Pattison, KJ, Drinkwater, EJ, Bishop, DJ, Stepto, NK, Fyfe, JJ
Journal of strength and conditioning research. 2020;(6):1497-1502
Abstract
Pattison, KJ, Drinkwater, EJ, Bishop, DJ, Stepto, NK, and Fyfe, JJ. Modulation of countermovement jump-derived markers of neuromuscular function with concurrent vs. single-mode resistance training. J Strength Cond Res 34(6): 1497-1502, 2020-This study assessed changes in countermovement jump (CMJ)-derived markers of neuromuscular function with concurrent training vs. resistance training (RT) alone and determined associations between changes in CMJ parameters and other neuromuscular adaptations (e.g., maximal strength gain). Twenty-three recreationally active men performed 8 weeks of RT alone (RT group, n = 8) or combined with either high-intensity interval training cycling (HIIT + RT group, n = 8) or moderate-intensity continuous cycling (MICT + RT group, n = 7).
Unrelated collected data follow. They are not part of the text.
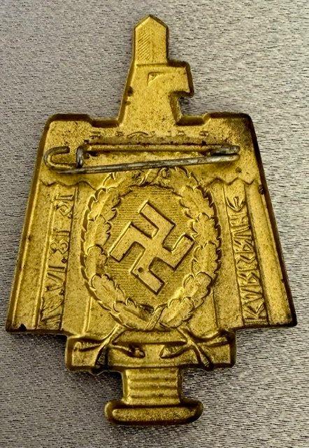 Karlsruhe Tinnie. Gautag Karlsruhe 16.-18.IV.37 Tinnie. Metal pinback. 37mm X 55mm
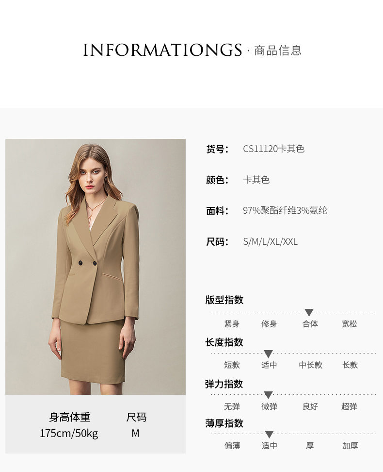 IWY/卡其色职业套装名媛女神范时尚气质商务经理工作服套裙西装OL CS11120卡其色
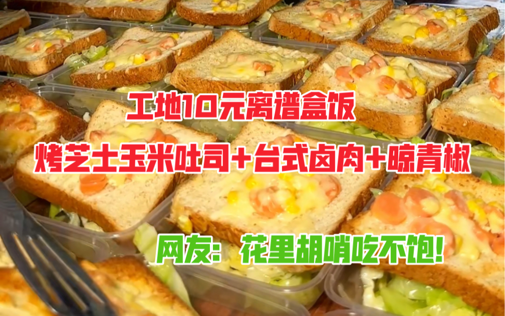 工地10元离谱盒饭,有烤芝士玉米吐司,台式卤肉和晾青椒,网友:花里胡哨吃不饱!
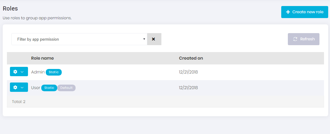 One or more roles can be set as Default. Default roles are assigned to newly added/registered users by default.

Maximal strength and CMJ performance were assessed before (PRE), after 4 weeks of training (MID), and >72 hours (maximal strength) or >5-7 days (CMJ performance) after (POST) the training intervention. Improvements in CMJ relative peak force from both PRE to MID and PRE to POST were attenuated for both HIIT + RT (effect size [ES]: -0.44; ±90% confidence limit, ±0.51 and ES: -0.72; ±0.61, respectively) and MICT + RT (ES: -0.74; ±0.49 and ES: -1.25; ±0.63, respectively). Compared with RT alone, the change in the flight time to contraction time ratio (FT:CT) was attenuated from PRE to MID for MICT + RT (ES: -0.38; ±0.42) and from PRE to POST for both MICT + RT (ES: -0.60; ±0.55) and HIIT + RT (ES: -0.75; ±0.30). PRE to POST changes in both CMJ relative peak force and flight time:contraction time (F:C) ratio were also associated with relative 1 repetition maximum leg press strength gain (r = 0.26 and 0.19, respectively). These findings highlight the utility of CMJ testing for monitoring interference to improvements in neuromuscular function with concurrent training.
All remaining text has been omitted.